I had a dream last night that I was working in another city in a highrise building on the 5th floor. Every morning I would take the elevator and it would go past the fifth floor before I realized it wasn’t stopping and I pressed the button and ended up on the 8th floor. So every day, I would ride up to the 8th floor, let the doors open, press the button, and ride back down to the fifth floor. One day as the elevator doors opened to the 8th floor, I thought to myself, “maybe I should just check out the 8th floor and see what it’s about..” So I stepped out of the elevators into a hallway which led to a flight of stairs that took me down to a sandy beach where everyone was talking, laughing and frolicking in the water! I walked down to the beach and stood there looking around and I remember thinking, could I really have this for myself? And then I woke up.
I’ve been doing some reflecting, and this past year has been a rough one, relationship-wise, work-wise and otherwise. I’m so ready for some relaxation, calmness and stability. Adventure, yes, maybe. but just a little. Wishing the best year ahead for all my friends and family.

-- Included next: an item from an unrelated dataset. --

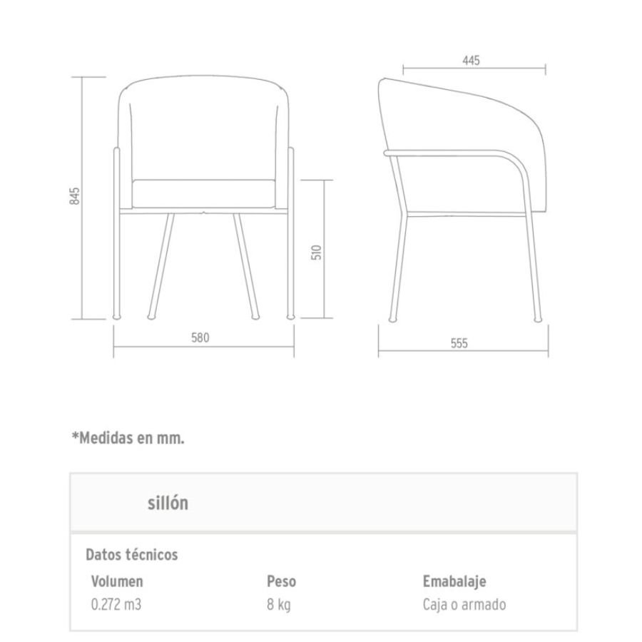 Características Sillón apoyabrazos puntera tapizado Moderno Carra
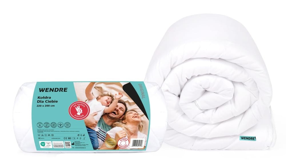 Kołdra wykonana jest z trwałych materiałów, aby zapewnić długotrwałe użytkowanie. Wykorzystujemy przyjemną w dotyku białą tkaninę z mikrofibry oraz puszyste i sprężyste wypełnienie, które gwarantuje wysoki komfort snu przez całą noc. Co więcej, wszystkie wyroby z serii "Dla Ciebie" można prać w pralce automatycznej w temperaturze 60°C, co ułatwia utrzymanie ich w czystości i higienie.

The truth is we’re all actors on the stage. And some of us are just bigger drama queens than others. Having said that, today, on this first day of 2015, I would just like to say, there is more to life than being afraid, there is more for you, even if you went down a deep, dark, black hole and had to climb back out only to fall in again, maybe deeper than the time before, but there is more. There is more than having to live one day at a time so afraid of a substance or other things that have no power over you, only the power you have given to it or them. And there’s a way better life than standing up or posting on Facebook that you have one more year that you have been free of the demon rum, or whatever demon got you to begin with. That’s not an accomplishment. That’s an obsession. And that is no way to live. Happy New Year, everyone. Wishing you the best sober or not sober year yet.
I just have to say that while I still love all the Hangover movies, they totally stole the premise from Go, which was made in the 90’s, was actually a much better movie, had a more complicated storyline, less mainstream-friendly, and was much more interesting. i’ve been wanting to say this for a long time. This is my first blog post. Thank you for listening.